2. Improved mathematical models need to be developed to incorporate the
complex soil chemistry effects controlling source-sink behavior of
soils so that accurate predictions can be made of the long-term effects
of water management for control of the quality of return flow.
3. The use of an average leaching fraction below about 10 percent does not
appear attainable under commercial sprinkler irrigation management
practice. It would seem more practical to irrigate so that no leaching
occurs for several seasons while monitoring the soil salinity status,
and then leach periodically. This procedure would minimize salt flow
to irrigation return flow during periods of low stream flow.
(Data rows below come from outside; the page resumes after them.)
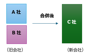 2社以上の会社が統合され、新会社が設立されます。旧会社はすべて消滅します。
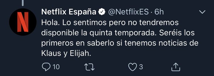 En octubre, cuando la plataforma de streaming no subió la quinta temporada de la serie después de anunciarla oficialmente en el interior de la plataforma, y ante el aluvión de peticiones sobre la serie, Netflix España respondió a uno de sus usuarios en redes (algo que no siempre hace cuando una serie queda colgada), con el siguiente mensaje
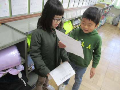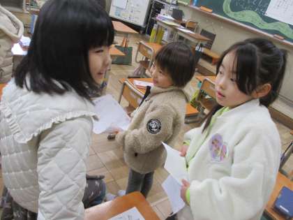 【1年】学活「3学期のめあて」 公開日 2025/01/15 更新日 2025/01/15 学校の様子 3学期に頑張りたいことを書いて、友だちと交流しました。「どうしてこのめあてにしたの?」と聞かれて、「〇〇だからだよ。」とわけも答えられるくらい、これまでの自分を振り返りながらめあてを考えることができました。
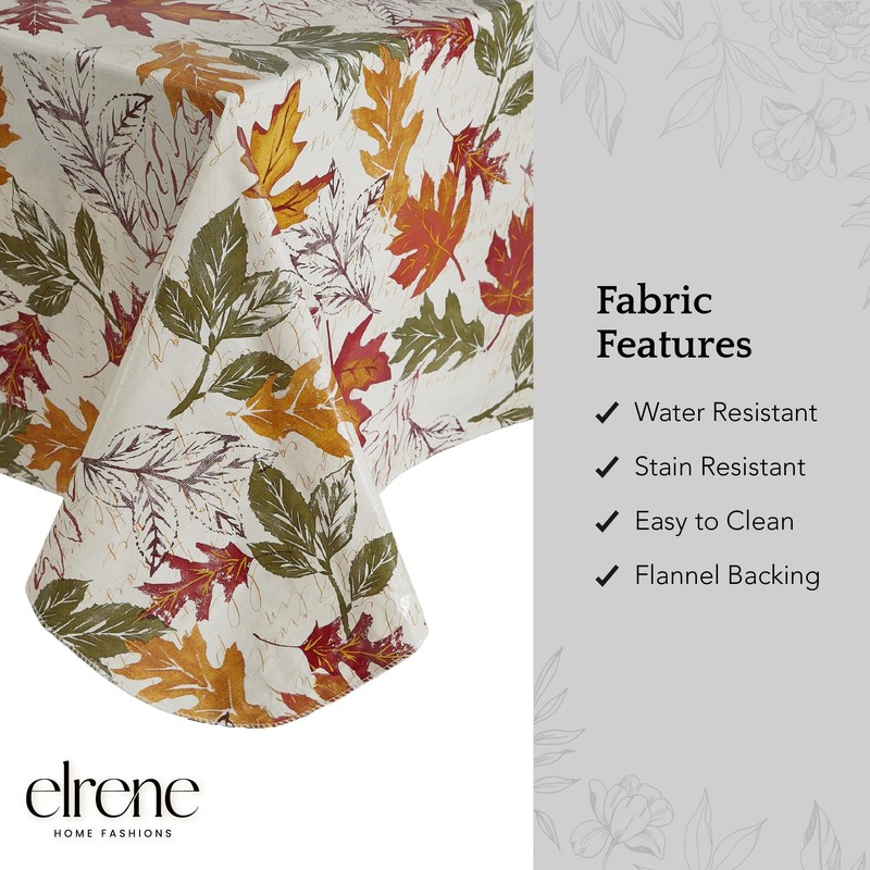 Elrene Home Fashions Harvest Vintage Leaves Water- and Stain-Resistant Vinyl Tablecloth with Flannel Backing, 52"x70" Rectangle

4. The model developed by Childs and Hanks (1975) to predict the influence
of salinity on yield has been verified in the field. It will account
for the osmotic effect of the salt, irrigation variations and water
flow upward from a water table. It is recommended that this type of
model be used to evaluate irrigation management systems as they relate
to irrigation return flow and yield interactions. It is very important
that these evaluations be done over several years' time because salinity
buildup in a single year may not be significant.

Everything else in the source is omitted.